Você é o que você fala
Alessandro Greco
Há mais de 100 anos, Sigmund Freud procurava associar o estado emocional de uma pessoa ao número de vezes que ela usava uma determinada palavra. Era uma trabalho difícil e cansativo, porque o pai da psicanálise precisava contar, catalogar e estudar a falação de seus pacientes – tudo manualmente. Mas em 1993, o psicólogo James Pennebaker, professor da Universidade do Texas, criou o programa Linguistic Inquiry and Word Count (LIWC) para enumerar as palavras e classificá-las. Com base nele, fez três estudos capazes de traçar uma espécie de escala entre expressões mais usadas e estado de espírito de quem as utiliza. O mais recente foi publicado na última terça-feira, 24, no periódico Psychosomatic Medicine. A pesquisa comparou 156 escritos de nove poetas de diversas nacionalidades que cometeram suicídio com 135 textos de outros nove poetas que não se mataram. O resultado foi que os suicidas tinham em comum um padrão de linguagem que mostrava excesso de preocupação com eles próprios e distanciamento de outras pessoas.
Os poetas que se mataram (Jonh Berryman, Hart Crane, Sergei Esenin, Adam L.Gordon, Randall Jarrel, Vladimir Maiakovski, Sylvia Plath, Sarah Teasdale e Anne Sexton) usavam muito mais as palavras "eu", "me" e "meu" e utilizavam muito menos "nós" e "eles" do que o bloco dos que não cometeram suicídio (Robert Lowell, Lawrence Ferlinghetti, Denise Levertov, Adrienne Rich, Matthew Arnold, Edna St. V.Millay, Joyce Kilmer, Boris Pasternak e Osip Mandelstam). Os dois grupos, no entanto, usavam o mesmo número de termos ligados a emoções negativas (tristeza, raiva, culpa) e positivas (alegria, amor, excitação). Em entrevista a no., Pennebaker diz que os resultados da pesquisa podem ser estendidos a qualquer um. "É seguro dizer que as palavras que usamos na linguagem do dia-a-dia refletem quem somos e o que estamos vivendo", disse ele. Os depressivos, por exemplo, tendem a abusar da auto-referência.
O seu estudo mostra a relação entre o uso de certas palavras em poemas e os suicídio de poetas. O senhor acha que essa relação pode ser estendida para pessoas em geral?
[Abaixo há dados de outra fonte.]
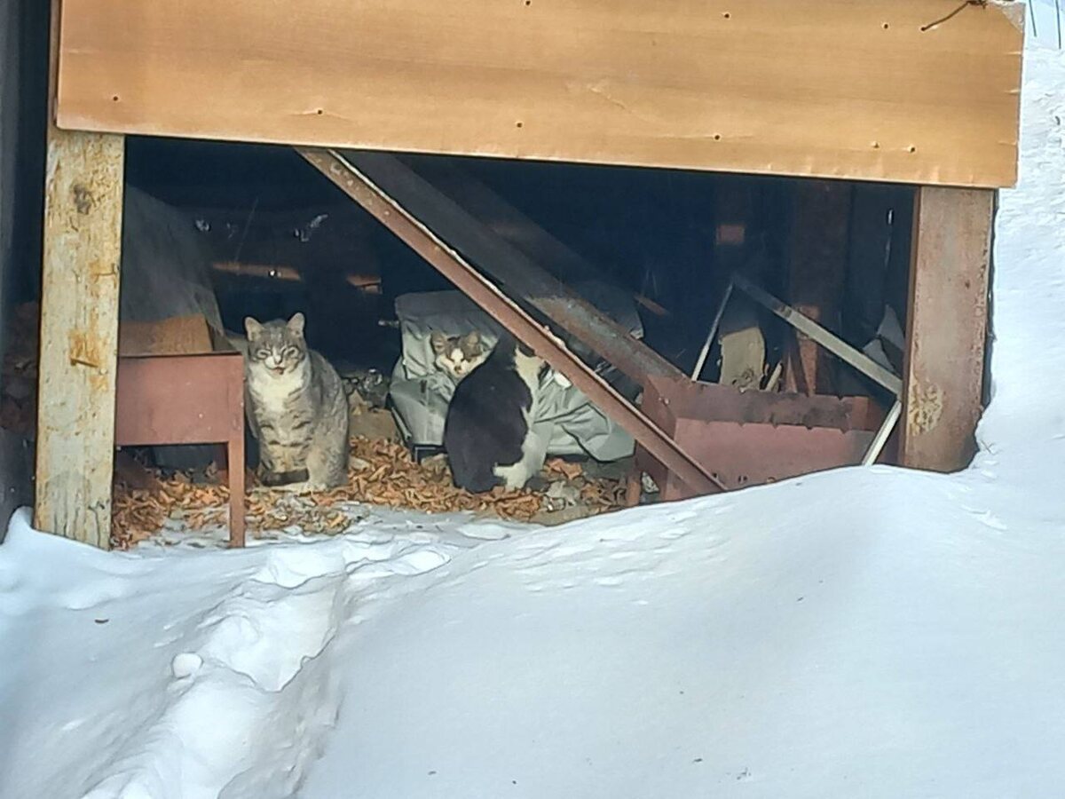Южная, ЗАМЕРЗАЮТ КОТИКИ Люди, спасите несчастные души!!!! Трое котиков, им совсем негде укрыться - рядом никаких теплых мест или подвалов. Еда замерзает моментально, они даже не успевают покушать, перебирают лапками, ужасно мерзнут в такие морозы!!! Вокруг сугробы, очень сложно к ним пробираться Уже забрали оттуда двух кошечек, ресурсов больше нет, разберите хоть по одному😭 Группа https://t.me/dvekoshechki

James Pennebaker - Temos evidências de que o uso muito grande da primeira pessoa do singular (eu, meu) está ligado a maiores níveis de depressão. Então, sim, é seguro dizer que as palavras que usamos na linguagem do dia-a-dia refletem quem somos e o que estamos vivendo. No caso dos poetas, descobrimos também que a auto-referência se estende por toda a sua obra. Quer dizer, não aumentam com o tempo. Isso indica que a preocupação consigo mesmo que os poetas suicidas apresentavam não se relaciona com o aumento de sua fama ou reconhecimento de sua obra ao longo dos anos. Além disso, o uso da primeira pessoal do plural, que indica uma integração nas relações sociais e interpessoais, foi mais baixa no grupo de poetas suicidas do que no grupo de não-suicidas.
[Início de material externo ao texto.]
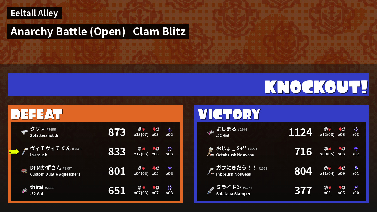 | Mode | Clam Blitz - Anarchy Battle (Open) | ||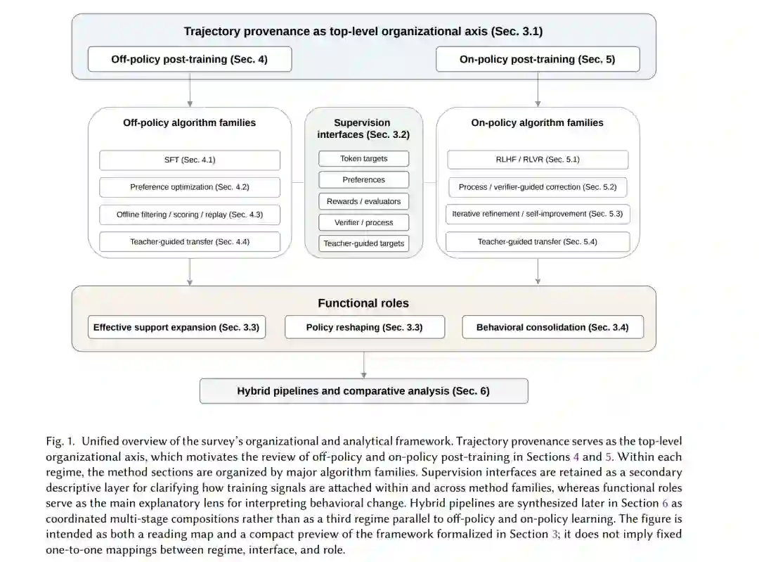 提出了轨迹来源作为 LLM 后训练的统一顶层组织轴,利用离策学习与在策学习的区别,根据优化实际发生的地点来构建领域版图。 1. 保留了监督接口作为次要描述层,使标记目标(token targets)、偏好、奖励衍生信号、基于验证器或过程的反馈以及教师引导目标,能在跨后训练范式的共享词汇表中进行比较。 1. 引入了以有效支撑集扩张、策略重塑和行为巩固为核心的功能角色分析,从而为刻画后训练阶段的主导行为效应或系统角色提供了共同的解释性词汇。 1. 利用这一分层框架在单一分析语言下比较主要范式,解释了为何混合流水线会自然地作为协同的多阶段系统出现,并揭示了关于学习器状态纠正、支撑集损耗、巩固及阶段组合的开放问题。

O senhor disse que ficou surpreso, no caso dos poetas, com os resultados obtidos em relação ao número de palavras relacionadas a emoções negativas e positivas. Por quê?
JP - Os poetas que cometeram suicídio usaram mais palavras ligadas à morte do que os não suicidas. Mas surpreendentemente a expressão de emoção positiva e negativa não variou significativamente entre os dois grupos. Na superfície, você poderia pensar que os suicidas iriam expressar um número grande de palavras associadas a emoções negativas (tristeza, raiva, culpa) e pequeno de emoções positivas (alegria, amor, excitação). Isso não acontece. Poetas suicidas e não suicidas usam essa classe de palavras com a mesma freqüência. Acho que isso indica que os problemas enfrentados pelos poetas suicidas são de cunho social e não somente de humor.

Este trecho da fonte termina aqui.